Azure Automated Machine Learning is an awesome tool. It significantly lowers the bar of entry for data science by allowing folk to submit their datasets to the service, tell it what type of data science task (ie Classification, Regression etc) it is, configure a couple of parameters and then – boom – the machinery will grind away, iterate through all the various algorithms and parameters until it finds the “best model” – from which you can publish as a web service endpoint to be consumed by the likes of Power BI.
See this video for an overview of the service –
So far so awesome – however, what if you need to do some batch scoring against this newly generated API to land the output in a new scored dataset? You could do Power BI and connect to the endpoint, but what if you needed proper batch scoring into another table to be consumed as part of your wider data platform?
Well – if you can dabble in code (and by that I mean the likes of Python, not SQL), then you’re golden – there are numerous notebook examples out there that shows you how to capture the best model from the AutoML run, convert it to onnx format (to allow real portability between services – key for later in this blog) and consume.
But what you don’t want to dip into code? What if you’ve got your dataset in your Synapse workspace and want a build of model off that, then use it to “score” fresh data as it comes in?
Well, the Synapse Model Scoring Wizard is what you need to be checking out along with this excellent overview video –
The Model Scoring Wizard allows you to train models via Automated ML and subsequently use said model for future batch scoring.
Let’s get started:
A service principal to with appropriate permissions on the Azure ML workspace.
Some data. I used a Kaggle dataset for used car prices for this.
Step 1 – Create a Linked Service to your Machine Learning Workspace from your Synapse Workspace.
This is so you can submit your machine learning run from Synapse
In your Synapse Workspace, click Manage, then Linked Services, then + New to add a new linked service.
Browse for Azure Machine Learning –
Then complete the necessary fields to add the Machine Learning Workspace you created earlier. Note, you will need the Service Principal details here too from the prereqs.
Step 2 – Train your data using AutomML, directly from the Synapse Workspace
1 – In order to train a new model, you’ll first need your data inside a Spark table. A quick way of doing this is to use the to import your data file using the “New Notebook” functionality –
2 – With your spark table imported, you can now launch the model training wizard by right clicking your newly imported table, clicking “Machine Learning”, then click “Enrich with new model” –
When setting up your run, you will need to select the Machine Learning workspace you linked to earlier, then choose the relevant options. As I was predicting car prices in this demo, I chose “regression” and changed the job time down to 1 hour.
NOTE – I also amended the ONNX model compatibility to “TRUE”, as Synapse can currently only recognise ONNX model.s.
Whilst this is running, we can flip over to our Machine Learning workspace and watch as the run iterates through the different algorithms in AutoML before ultimately finding and registering the best fit model.
And we view the various models that were scored as part of the process –
Step 3 – Create a batch scoring stored procedure from our AutoML model
Once our model training and registration is compete, we can now take some “actual” data from within our Synapse SQL Pool and enrich it with the trained model. In this example I’m simply using the training data again to simulate the process.
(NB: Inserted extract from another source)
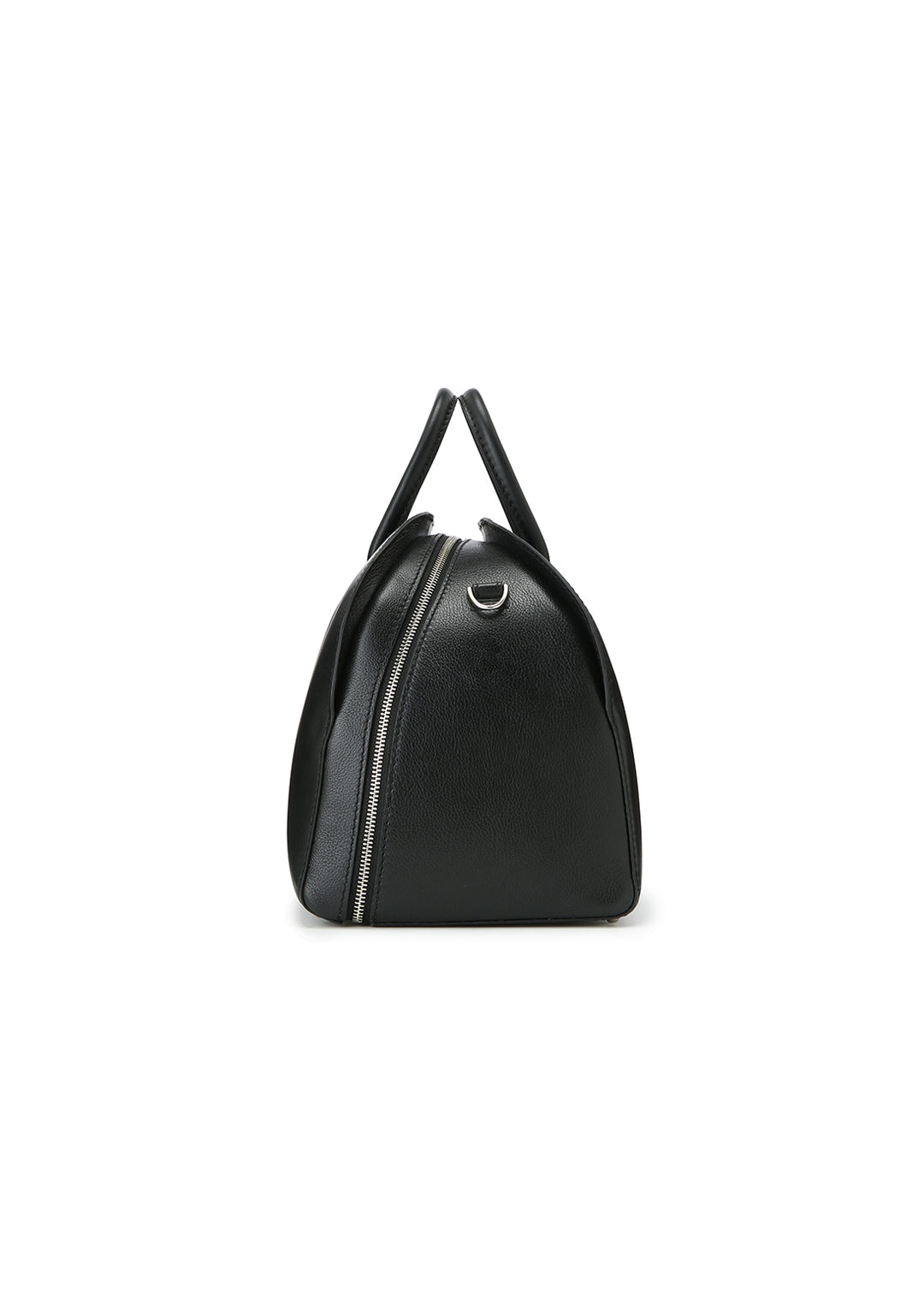 ハリのあるブラックレザーを使用したユニセックスのボストンバッグです。

In your Workspace, create a table in your Dedicated SQL Pool that contains your new data. Then, right click the table, click “Machine Learning”, then click “Enrich with existing model”.
This process will do the following things –
- If a table to store our model doesn’t exist, it will allow you to create one.
- It will create a stored procedure that uses your data table, along with the imported model, to create a PREDICT statement. This creates an output dataset that includes your original fields PLUS the scored columns that are produced from the model.
- You can now use this stored procedure as part of a regular process to batch score new data against your trained AutoML model.
It will take a few minutes to upload the model into Synapse and create the DDL (data definition language) to create the stored procedure. When that’s done, it will open the final SQL script which you’ll run to deploy your scoring scored procedure.
When you call your stored procedure you now get your original dataset back, plus the “scored” value from your AutoML model.
Hopefully this shows you a straight forward way of creating an AutoML model with minimal effort for your own data, training and creating the best fit model, before finally allowed an easy of scoring fresh data against your model, all within the confines of the Synapse Workspace.